Don't be embarrassed, I asked a lot of questions myself here and learn a lot from others.

I am cycling my tank with 4 amano and a golden apple snail in a planted filtered 5g tank. I just added Stress Zyme last week to see if things would move along faster. but when I had my Fred in there (he died from bacterial infection, I think, in the QT tank) he was fine. The amano lasted longer than my betta.

I keep track of my test results using a liquid test kit by API which costs about $18 everyday in a log which also keeps track of when, what, and how much/many items I added into the tank. This tells me how I am doing and show some correlation to the changes as a result of any addition to the the tank. The process itself is fun for me.

After adding Stress Zyme on Sunday, for the first time I noticed 0 Ammonia & Nitrite and 20 Nitrate last night, day 26 of my cycle.

I think if you acclimate the shrimp in a separate tank or container with the tank's water adn see how they are doing before sending them into the main tank, you will be ok.


----------



## MiyuMikaelson (Feb 4, 2013)

I've got 2 MTS snails; a friend of mine stole the other two. (Although a little too late as it would seem. :lol: ) Plus I'll have approximately 10 Red Cherry Shrimp as soon as they get here, unless some are DOA or something.

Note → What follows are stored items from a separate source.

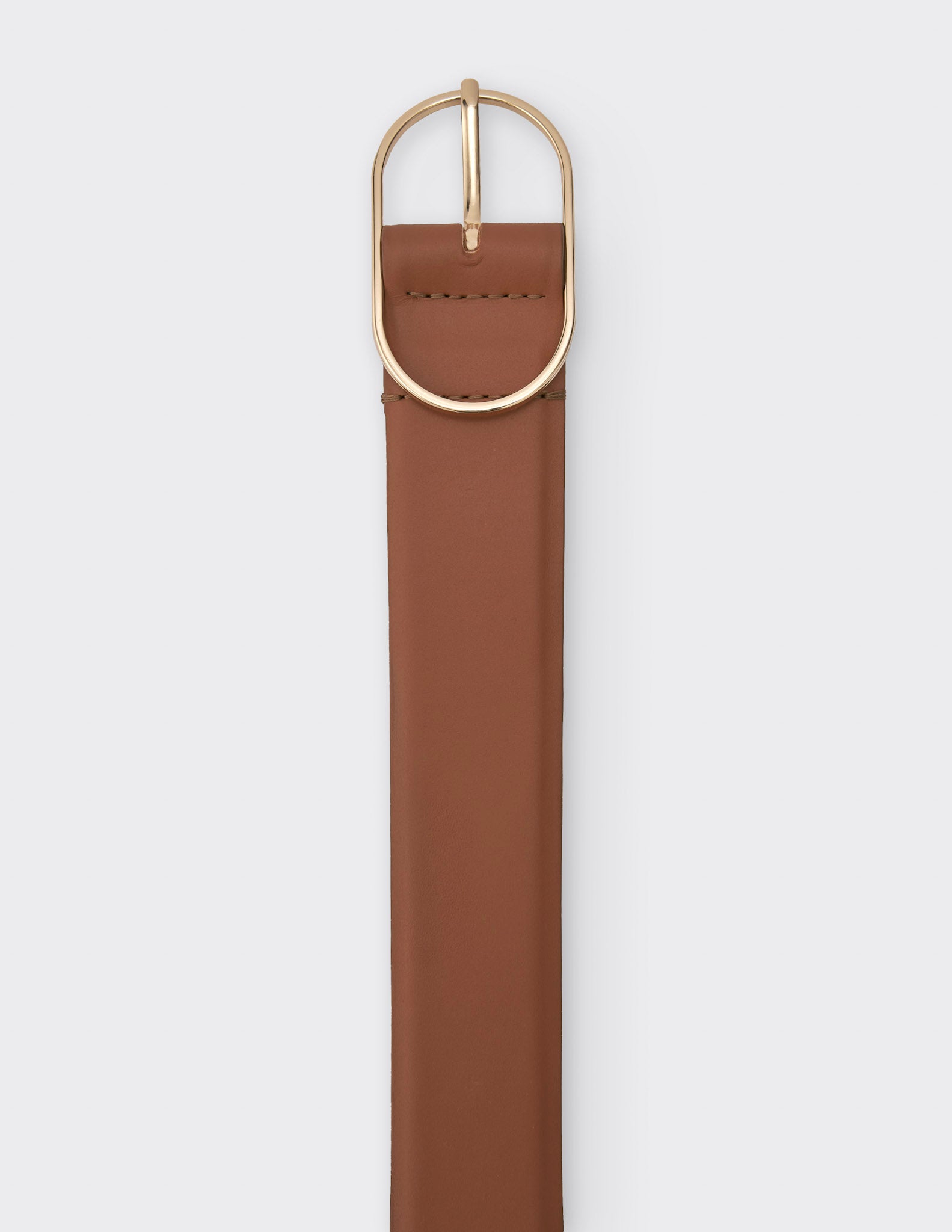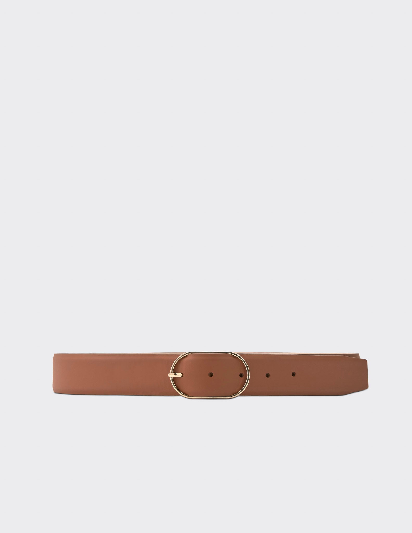 Large leather belt with a classic silhouette and gold metal buckle fastening.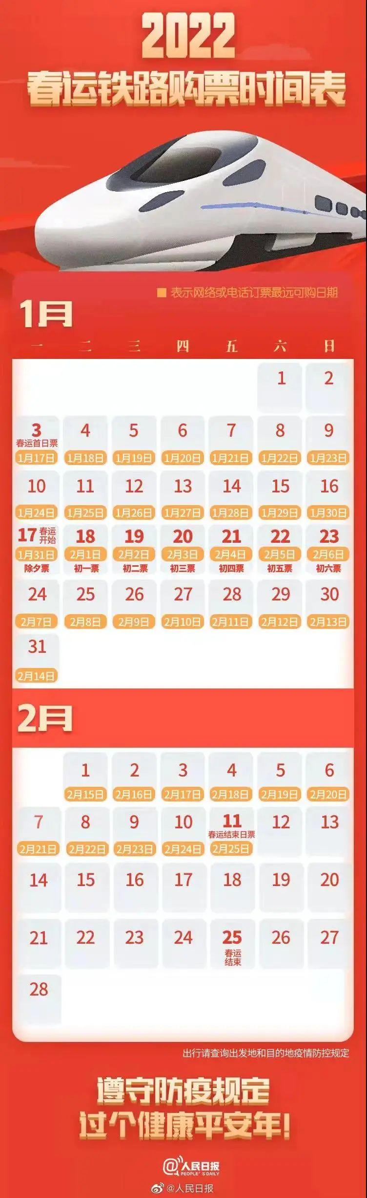 这份2022春运铁路购票时间表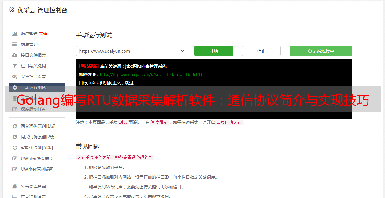 本文介绍了如何使用golang编写rtu数据采集解析软件,并简单介绍了modbus协议和优采云。希望读者能够通过本文的介绍,轻松实现数据采集。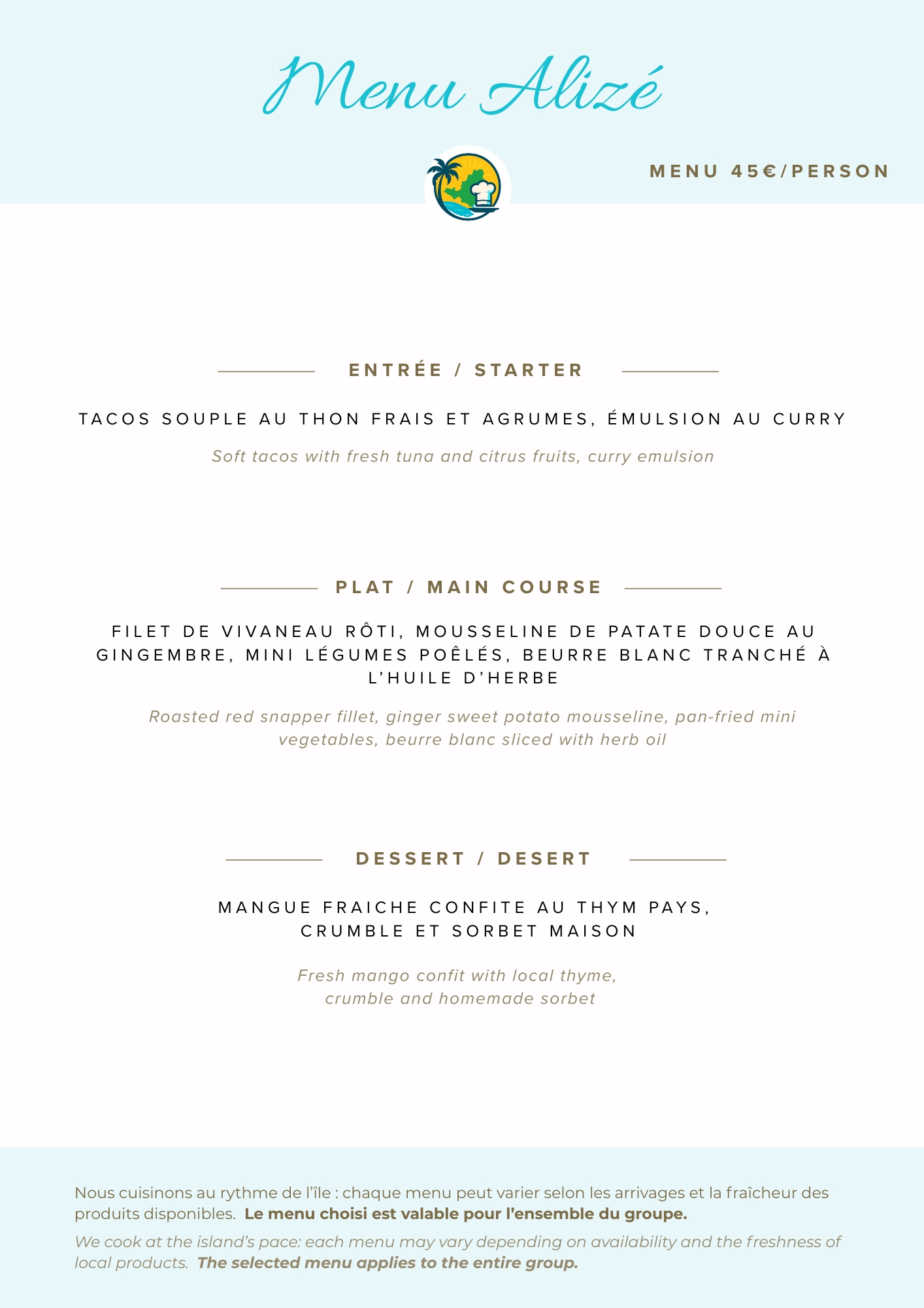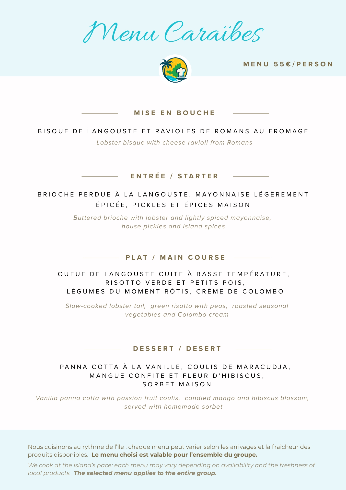 It means designing every menu from scratch, with fresh local ingredients, infused with the refinement of French technique and the vibrant soul of the Caribbean.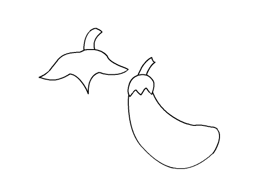 5、再在这个茄子的旁边再画出另一个茄子的茄荚及茄把,如图所示: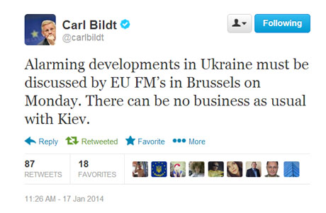 "Тривожні події в Україні мають обговорювати міністри закордонних справ ЄС в Брюсселі в понеділок. Вести справи з Києвом як раніше вже не можна ", - написав Більдт на своїй сторінці в Twitter.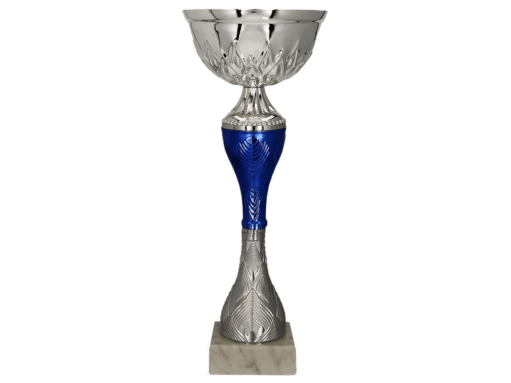 Strieborno-modrý kovový pohár na mramorovom podstavci na ktorý je možné umiestniť štítok.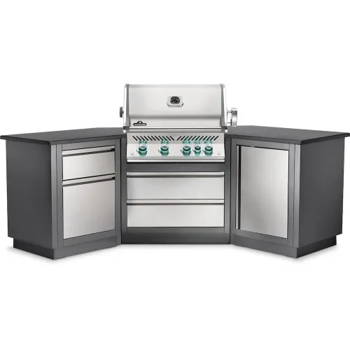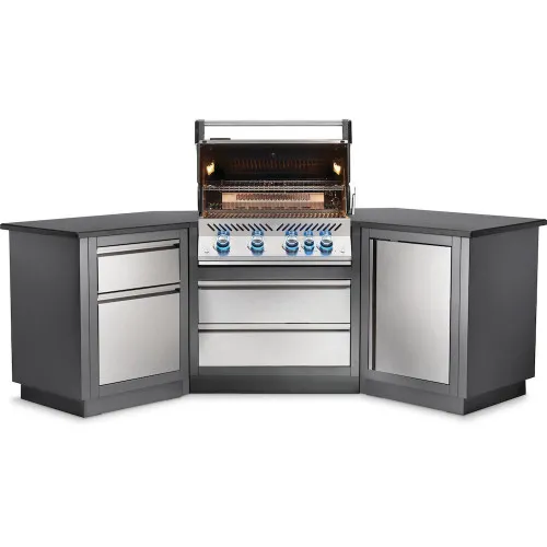 Дана конфігурація кухні на відкритому повітрі з вбудованим грилем Oasis 200 ідеально підходить як окрема кутова зона барбекю. Завдяки вигнутій формі модульна кухня Oasis 200 з вбудованим грилем Napoleon, може розміщуватися на маленьких та середніх площах. За допомогою широкого асортименту модульних елементів Oasis, Ви зможете сконструювати ідеальну зону гриль, яка буде відповідати всім Вашим вимогам. Модульні елементи стійкі до будь-яких погодних умов, оскільки виготовлені з оцинкованої сталі з порошковим покриттям та дверима з нержавіючої сталі. Проста установка, ніжки, що регулюються, по висоті. Вдосконалюйте свою літню терасу з відкритою кухнею Oasis 200 із вбудованим грилем Napoleon.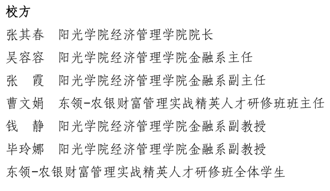 此次财富管理精英班从项目选择、课程设计、班级管理、课程考核等方面着手,校企双方共同探讨、协同设计,以员工为中心,以能力为导向,力求建立“双元制”人才培养之路,预祝精英班取得丰硕成果。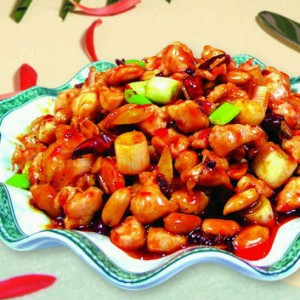 锅中倒少许油,油温不能太高,倒入鸡丁,变色后放入辣椒面和红辣椒段,翻炒几下,接着放碗汁 紧跟着赶快放葱段,这样炒会清香葱不会老,最后放花生米翻炒几下出锅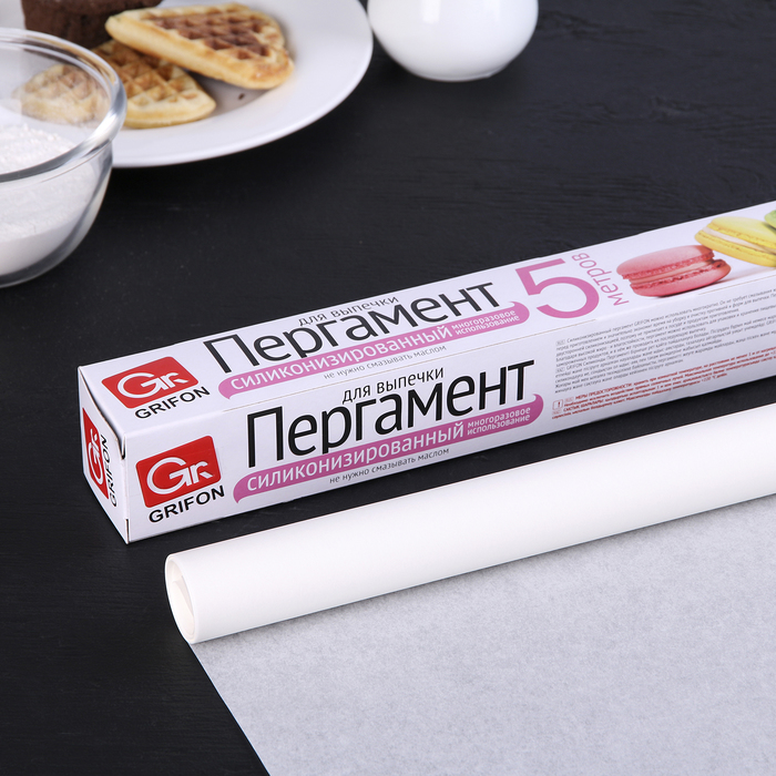 Пергамент для выпечки силиконизированный 38 см x 5 м Grifon, в футляре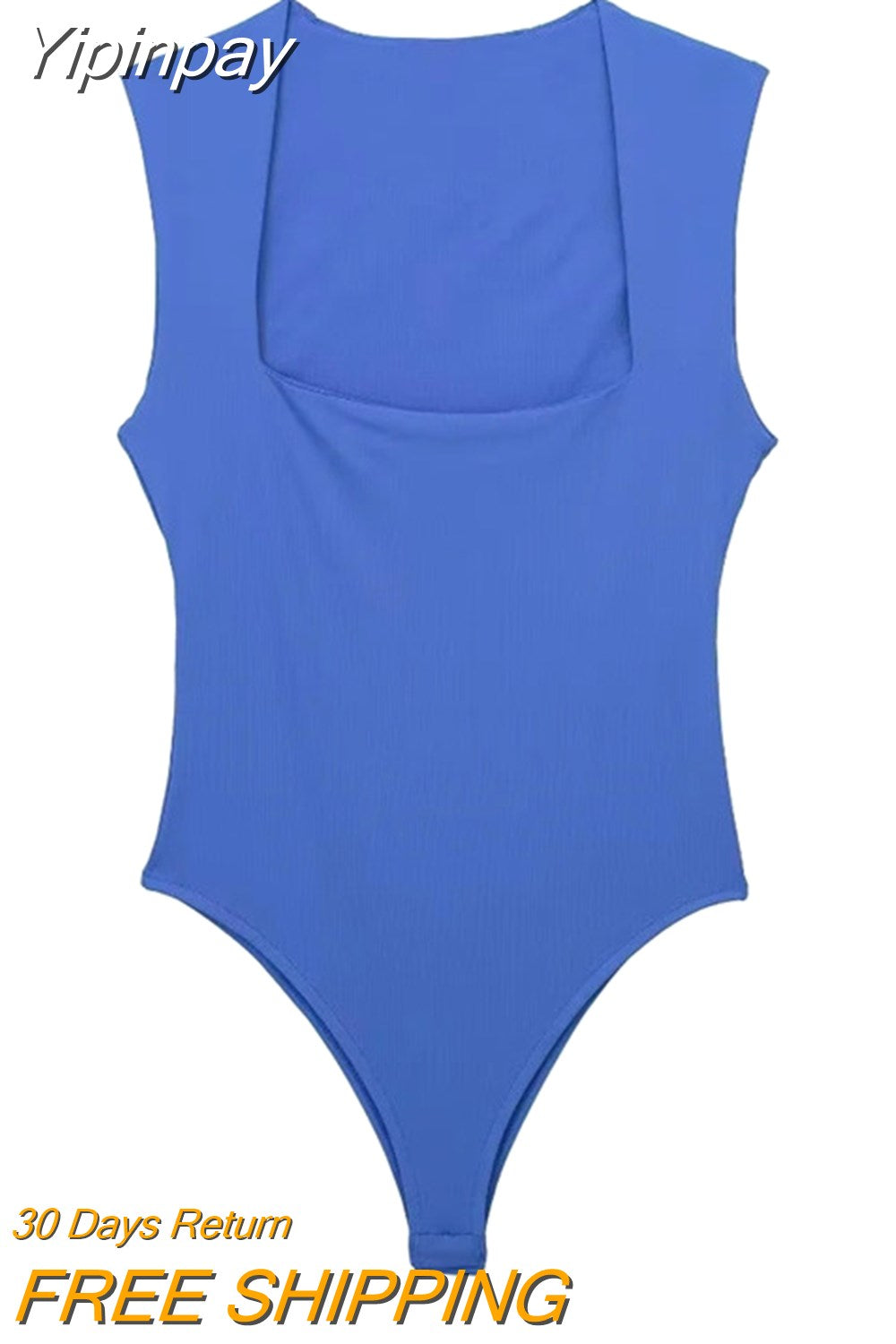 Yipinpay 2023 Woman Bodysuit Black White Body Woman Square Neck Sleeveless Bodysuit Women Bodycon Sexy Lingerie Women's Summer Tops

So I'll have them to help out too. 

It's a 5 gallon, heated, filtered tank with florescent lighting.


----------



## BulletToothBoris (Jan 8, 2013)

MiyuMikaelson said:


> My woooorst feaaars. Do you have any idea how to get rid of them?
> D;



Are the white things moving? If so it's harmless planaria.


----------



## MiyuMikaelson (Feb 4, 2013)

BulletToothBoris said:


> Are the white things moving? If so it's harmless planaria.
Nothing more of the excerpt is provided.